→ **Information given**
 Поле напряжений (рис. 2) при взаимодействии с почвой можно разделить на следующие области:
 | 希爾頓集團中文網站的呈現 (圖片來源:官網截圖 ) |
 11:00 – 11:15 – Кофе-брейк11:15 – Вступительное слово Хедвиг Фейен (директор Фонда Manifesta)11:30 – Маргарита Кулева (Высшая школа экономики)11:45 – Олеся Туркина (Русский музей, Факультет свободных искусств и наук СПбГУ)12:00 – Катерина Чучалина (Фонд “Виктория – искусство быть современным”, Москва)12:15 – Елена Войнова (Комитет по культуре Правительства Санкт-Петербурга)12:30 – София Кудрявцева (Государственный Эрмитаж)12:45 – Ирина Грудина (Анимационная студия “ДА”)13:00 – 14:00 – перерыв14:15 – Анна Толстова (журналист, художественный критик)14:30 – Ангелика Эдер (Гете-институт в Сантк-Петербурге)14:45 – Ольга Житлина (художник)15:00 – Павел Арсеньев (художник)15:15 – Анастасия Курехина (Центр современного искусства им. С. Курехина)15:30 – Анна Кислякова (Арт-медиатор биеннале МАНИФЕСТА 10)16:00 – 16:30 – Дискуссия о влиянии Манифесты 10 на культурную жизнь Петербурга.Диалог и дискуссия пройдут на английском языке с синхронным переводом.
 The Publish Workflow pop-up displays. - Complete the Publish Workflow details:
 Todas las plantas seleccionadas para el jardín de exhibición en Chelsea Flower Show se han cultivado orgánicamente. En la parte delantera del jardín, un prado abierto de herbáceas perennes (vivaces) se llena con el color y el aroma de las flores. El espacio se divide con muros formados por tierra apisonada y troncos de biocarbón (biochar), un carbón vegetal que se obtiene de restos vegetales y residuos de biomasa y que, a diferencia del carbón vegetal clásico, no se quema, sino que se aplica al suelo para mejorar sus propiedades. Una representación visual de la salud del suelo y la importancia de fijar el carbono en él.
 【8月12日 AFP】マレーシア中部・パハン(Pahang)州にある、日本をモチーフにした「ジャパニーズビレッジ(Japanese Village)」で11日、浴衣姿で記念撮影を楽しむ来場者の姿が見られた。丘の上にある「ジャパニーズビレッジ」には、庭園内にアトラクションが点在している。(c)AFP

...

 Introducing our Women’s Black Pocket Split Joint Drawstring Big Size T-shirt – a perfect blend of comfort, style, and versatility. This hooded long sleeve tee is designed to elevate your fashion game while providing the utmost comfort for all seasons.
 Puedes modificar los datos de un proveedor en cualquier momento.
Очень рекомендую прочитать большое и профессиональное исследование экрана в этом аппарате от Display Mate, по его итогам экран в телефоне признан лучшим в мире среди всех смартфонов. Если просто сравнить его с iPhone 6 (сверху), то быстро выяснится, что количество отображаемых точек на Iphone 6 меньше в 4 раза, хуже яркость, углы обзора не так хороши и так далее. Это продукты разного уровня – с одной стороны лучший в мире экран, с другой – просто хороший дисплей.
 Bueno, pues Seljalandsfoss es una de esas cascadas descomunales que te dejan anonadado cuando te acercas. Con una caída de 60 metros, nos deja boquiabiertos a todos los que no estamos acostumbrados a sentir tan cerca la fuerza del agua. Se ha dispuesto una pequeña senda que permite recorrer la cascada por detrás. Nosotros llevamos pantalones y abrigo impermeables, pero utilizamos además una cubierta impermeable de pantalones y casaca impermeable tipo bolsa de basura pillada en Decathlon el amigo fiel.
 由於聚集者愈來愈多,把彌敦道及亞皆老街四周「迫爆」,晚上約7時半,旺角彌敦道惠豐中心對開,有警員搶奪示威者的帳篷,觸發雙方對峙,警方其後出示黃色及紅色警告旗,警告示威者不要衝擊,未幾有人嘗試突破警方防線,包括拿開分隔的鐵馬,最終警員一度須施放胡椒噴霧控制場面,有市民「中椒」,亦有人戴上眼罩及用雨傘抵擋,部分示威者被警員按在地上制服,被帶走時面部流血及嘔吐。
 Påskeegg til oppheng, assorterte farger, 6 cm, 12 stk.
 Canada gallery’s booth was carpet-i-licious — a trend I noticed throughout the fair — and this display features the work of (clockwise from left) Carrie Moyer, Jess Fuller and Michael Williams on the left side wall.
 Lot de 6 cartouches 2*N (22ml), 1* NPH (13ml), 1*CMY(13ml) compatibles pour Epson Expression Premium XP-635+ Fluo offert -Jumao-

--

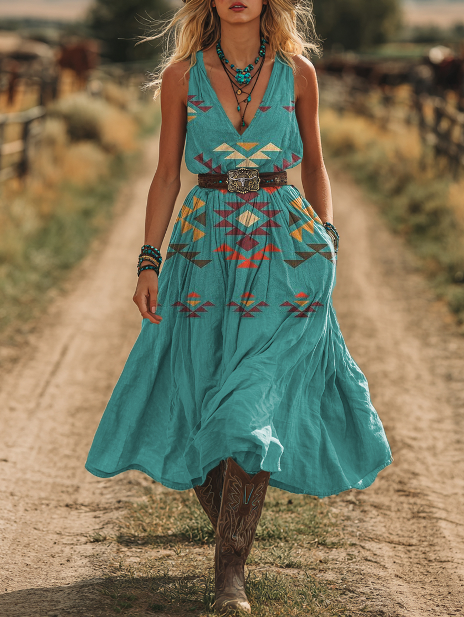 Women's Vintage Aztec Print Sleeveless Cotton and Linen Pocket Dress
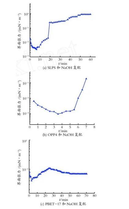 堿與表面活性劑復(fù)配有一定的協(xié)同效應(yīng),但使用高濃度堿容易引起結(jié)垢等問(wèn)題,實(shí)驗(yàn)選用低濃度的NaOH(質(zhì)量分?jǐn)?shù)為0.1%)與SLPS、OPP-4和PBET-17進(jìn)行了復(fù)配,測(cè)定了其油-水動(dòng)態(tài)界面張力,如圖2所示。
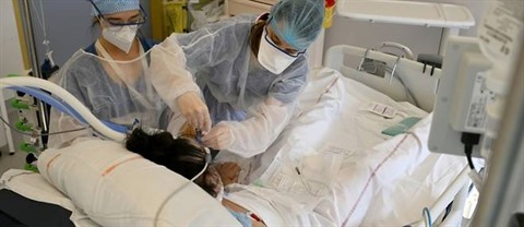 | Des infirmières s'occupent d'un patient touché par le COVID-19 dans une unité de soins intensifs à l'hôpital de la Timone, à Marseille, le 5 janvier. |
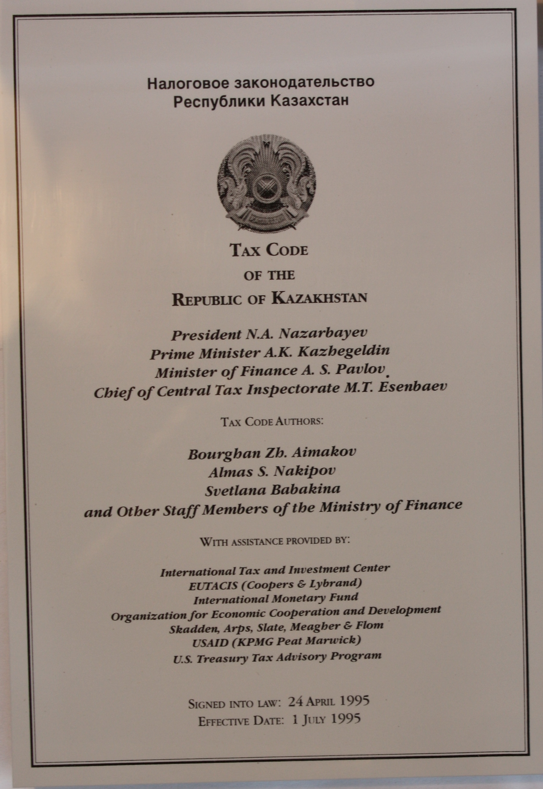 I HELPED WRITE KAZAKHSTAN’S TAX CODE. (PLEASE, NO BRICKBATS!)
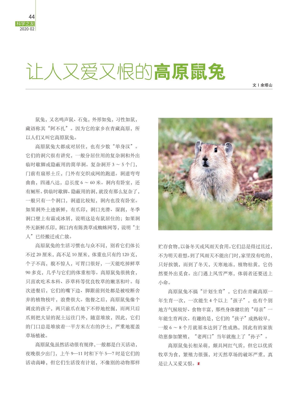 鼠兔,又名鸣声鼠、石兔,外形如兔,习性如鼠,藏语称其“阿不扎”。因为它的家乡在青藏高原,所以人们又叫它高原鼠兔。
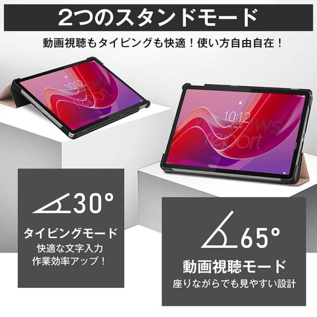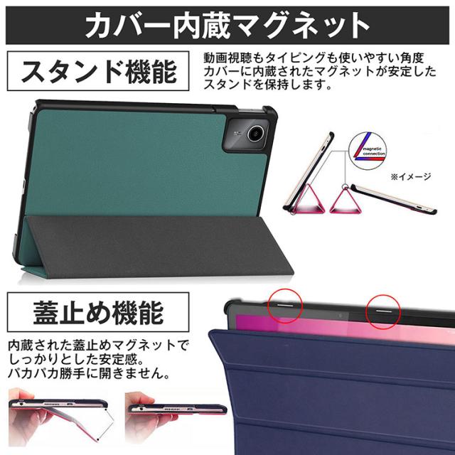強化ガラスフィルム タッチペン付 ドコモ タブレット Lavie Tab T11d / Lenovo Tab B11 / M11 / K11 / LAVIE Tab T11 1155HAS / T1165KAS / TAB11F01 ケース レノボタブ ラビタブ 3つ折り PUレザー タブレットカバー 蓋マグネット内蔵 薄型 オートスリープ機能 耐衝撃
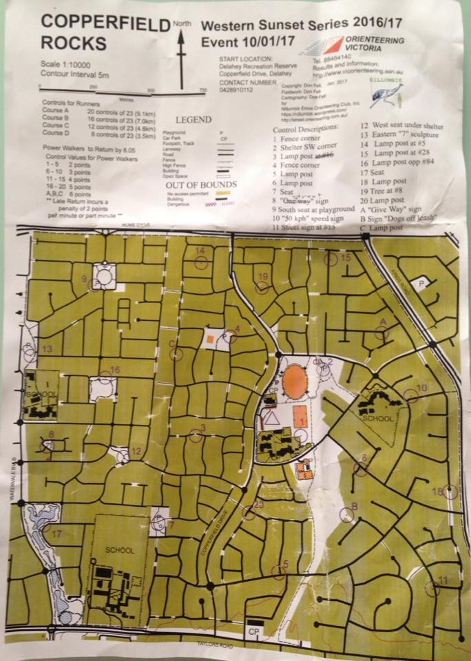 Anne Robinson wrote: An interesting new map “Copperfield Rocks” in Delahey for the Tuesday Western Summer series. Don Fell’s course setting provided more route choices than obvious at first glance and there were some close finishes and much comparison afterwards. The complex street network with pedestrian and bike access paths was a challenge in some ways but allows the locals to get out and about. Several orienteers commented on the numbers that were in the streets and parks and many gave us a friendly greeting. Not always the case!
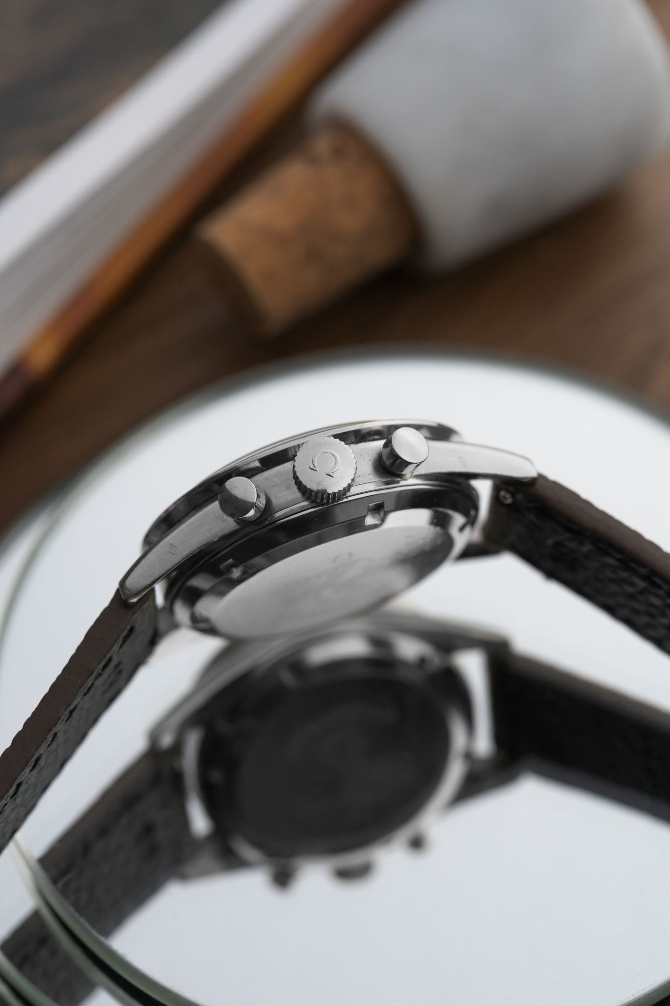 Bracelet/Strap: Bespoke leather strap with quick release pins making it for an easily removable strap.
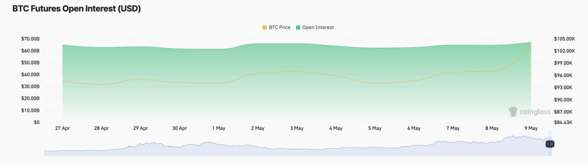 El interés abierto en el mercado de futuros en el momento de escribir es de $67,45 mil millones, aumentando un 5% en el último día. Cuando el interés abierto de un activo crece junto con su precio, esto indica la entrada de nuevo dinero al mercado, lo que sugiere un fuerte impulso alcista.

→ **Problem to solve**
Give the lines above again exactly, from the one containing "I HELPED WRITE" to the one containing "Anne Robinson wrote: An", both included, but leave out the pictures.

→ **Exercise output**
 I HELPED WRITE KAZAKHSTAN’S TAX CODE. (PLEASE, NO BRICKBATS!)
 鼠兔,又名鸣声鼠、石兔,外形如兔,习性如鼠,藏语称其“阿不扎”。因为它的家乡在青藏高原,所以人们又叫它高原鼠兔。
強化ガラスフィルム タッチペン付 ドコモ タブレット Lavie Tab T11d / Lenovo Tab B11 / M11 / K11 / LAVIE Tab T11 1155HAS / T1165KAS / TAB11F01 ケース レノボタブ ラビタブ 3つ折り PUレザー タブレットカバー 蓋マグネット内蔵 薄型 オートスリープ機能 耐衝撃
 Anne Robinson wrote: An interesting new map “Copperfield Rocks” in Delahey for the Tuesday Western Summer series. Don Fell’s course setting provided more route choices than obvious at first glance and there were some close finishes and much comparison afterwards. The complex street network with pedestrian and bike access paths was a challenge in some ways but allows the locals to get out and about. Several orienteers commented on the numbers that were in the streets and parks and many gave us a friendly greeting. Not always the case!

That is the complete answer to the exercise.